Friday, January 27, 2012

Fullbore Friday


Yep'r. Today's FbF is a ponder'n one. A "how it should be done" FbF about Fullbore leaders who did it right - and a reminder of what is doing it wrong.

Via Ian Jack;
Chivalry at sea became an essential British ideal, and proof of the superiority of Anglo-Saxons (a category that included North Americans and most northern Europeans) over more panicky peoples from the south and east. The annals of old shipwrecks are filled with implications of their alleged poor behaviour. "I saw a lot of Latin people all along the ship's rails," recalled the Titanic's fifth officer, Harold Lowe. "They were glaring more or less like wild beasts, ready to spring." No Birkenhead drill for him: Lowe was sitting in a lifeboat at the time, being lowered past the still-crowded upper decks, but the awkwardness of his position as an officer leaving his passengers behind to drown seems never to have occurred to him. "Latins" weren't to be trusted in an emergency, and therefore didn't count.

The spectre now haunting Italy is that this label has stuck. "We've gone straight into the Titanic nightmare [and] Italy is once again the laughing stock of foreign newspapers," wrote a blogger, Caterina Soffici, this week. In Il Giornale, the columnist Cristiano Gatti wrote that the rest of the world would be delighted to rediscover "the same old rascally Italians: those unreliable cowards who turn and run in war and flee like rabbits from the ship, even if they are in command". But are either of these statements really true? People who know about ships and seafaring in Britain take pity on Schettino, rather than laugh at him. They puzzle over the course he took that led to the collision with the reef, they wonder how many people were on the bridge with him at the time, and why nobody raised a warning. Perhaps they snigger a little at his account of tripping and falling into a lifeboat ("How odd that his first officer seems to have done the same thing"), but on the whole they understand the torrent of guilt and self-recrimination that must threaten to overwhelm him, first for losing a ship and so many lives and, second, for his subsequent behaviour. None, at least of those I talked to, went as far as Professor Craig Allen of the US Coastguard Academy and accused him of "abject cowardice".

But his transgression is enormous. The rule that a captain must be the last man (or woman) to leave a ship in difficulties is never written down, but everywhere understood. In the words of a former P&O captain: "At sea, you have a great sense of responsibility for the people who are beneath you – it's moral as well as legal.

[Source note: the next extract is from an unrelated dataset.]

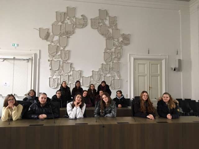 Die Schülerinnen der 3HLW lernten beim Demokratieatelier von Akzente Salzburg die Räumlichkeiten des Salzburger Landtages kennen.

You need to stay as long as anyone else remains."

In this altruistic sense, the mystique of captaincy has survived into its third century. Sentiment, if not always practicality, will ensure it continues. For who can resist the gallantry of David Hart Dyke staying aboard the tilting hull of HMS Coventry, or Noel Coward and what remains of his crew clinging to their life-raft in In Which We Serve, and Coward commanding, as his destroyer finally goes down: "Three cheers for the ship!"
The lessons of 3.5 yrs ago - and still apply today; as do those decades before.